• Int. J. Cardiol. · Aug 2013

    Multicenter Study

    Incremental prognostic value of cardiopulmonary exercise testing and resting haemodynamics in pulmonary arterial hypertension.

    • Roland Wensel, Darrel P Francis, F Joachim Meyer, Christian F Opitz, Leonhard Bruch, Michael Halank, Jörg Winkler, Hans-Jürgen Seyfarth, Sven Gläser, Friedrich Blumberg, Anne Obst, Michael Dandel, Roland Hetzer, and Ralf Ewert.
    • International Centre for Circulatory Health, National Heart & Lung Institute, Imperial College London, UK. rolandwensel@gmail.com
    • Int.
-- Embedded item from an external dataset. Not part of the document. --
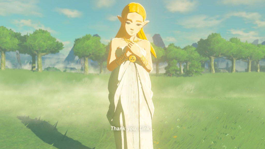 Personally, I am a big fan of this structure. Some folks aren’t – they want their bounds, they want that narrative push. They want that constant feed of story. This game isn’t that. You pick up bits and pieces of the story as you go. Pretty much all you are forced to learn is that 100 years ago Link and Zelda, along with four champions driving divine beasts (machines from an ancient civilization) failed to defeat Ganon, but the princess somehow managed to delay the final defeat until Link could recover – and now Link can fix things to defeat Ganon. That’s it – that’s the main story. Of course there’s a lot more to it, more to the world, but you actually have to go out and find it. Some people hate this, but I love it.

J. Cardiol. 2013 Aug 20; 167 (4): 1193-8.

    BackgroundPulmonary arterial hypertension (PAH) is a fatal disease despite recent treatment advances. Individual risk stratification is important. Exercise capacity and invasive haemodynamic data are both relevant, but data on the combined prognostic power are lacking.Methods226 consecutive patients with idiopathic or familial PAH were included at seven specialised tertiary centres. All patients underwent right heart catheterization and cardiopulmonary exercise testing (CPET).ResultsDuring follow-up (1508 ± 1070 days) 72 patients died and 30 underwent transplantation. On multivariate analysis percentage of predicted peak oxygen uptake (%predicted peak VO2 [risk ratio 0.95]), pulmonary vascular resistance (PVR [1.105,]) and increase in heart rate during exercise (ΔHR [0.974]) were independent prognostic predictors (all p<0.0001). Peak VO2 allowed for risk stratification with a survival of 100, 92.9, 87.4 and 69.6% at 1 year and 97.7, 63.2, 41 and 23% at 5 years for the 4th, 3rd, 2nd and 1st quartiles, respectively. Dichotomizing by median peak VO2 and intra-group median PVR showed a worse 1-year survival for patients with low peak VO2/higher PVR compared to patients with low peak VO2/low PVR, high peak VO2/high PVR and high peak VO2/low PVR (65 vs. 93, 93, 100%, p<0.001). At 10 years survival was different for all 4 subgroups (19 vs. 25 vs. 48 vs. 75%, adjusted p<0.05).ConclusionsPeak VO2, PVR and ΔHR independently predict prognosis in patients with PAH. Low peak VO2, high PVR and low ΔHR refer to poor prognosis. Combined use of peak VO2 and PVR provides accurate risk stratification underlining the complementary prognostic information from cardiopulmonary exercise testing and resting invasive haemodynamic data.Copyright © 2012 Elsevier Ireland Ltd. All rights reserved.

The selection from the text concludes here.